Pine Island Glacier, Antarctica

February 07, 2001

Pig_tk

Provided by: Andrew Shepherd
Summary authors & editors: Andrew Shepherd; Martin Ruzek

A major glacial formation in Antarctica is shrinking, but questions still remain about the speed at which ice sheet thinning is taking place. Scientists at University College London (UCL) and the British Antarctic Survey have used satellite data to show that the interior of the West Antarctic Ice Sheet (WAIS) is thinning inland. Since 1992, 31 cubic kilometers of ice has been lost from its interior. The loss can be pinpointed to the fast-flowing Pine Island Glacier -- the largest glacier in West Antarctica -- which transports ice from the deep interior of the ice sheet to the ocean.

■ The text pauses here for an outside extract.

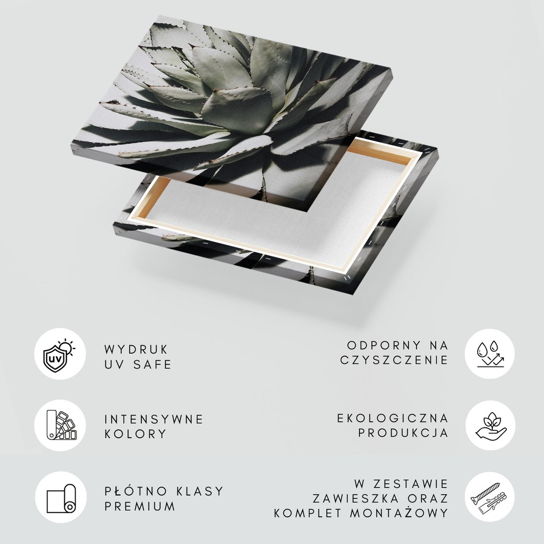 Obraz na płótnie z motywem agawa, roślina, liście to kwintesencja estetyki i trwałości. Dzięki łatwemu montażowi i uniwersalnemu wzornictwu, czyni go idealnym wyborem zarówno do codziennego użytku, jak i na wyrafinowany prezent.

Pine Island Glacier is up to 2500 meters thick with a bedrock over 1500 meters below sea level. The glacier, scientists now say, has retreated by over 5 kilometers inland as a consequence of the thinning. This adds further weight to the argument that small changes at the coast of the Antarctic continent -- such as the effects of global warming -- may be transmitted rapidly inland, leading to an acceleration of sea level rise.

Photo of the Pine Island Glacier taken by Tom Kellogg onboard the U.S. Coast Guard icebreaker Glacier, 1985, in Pine Island Bay.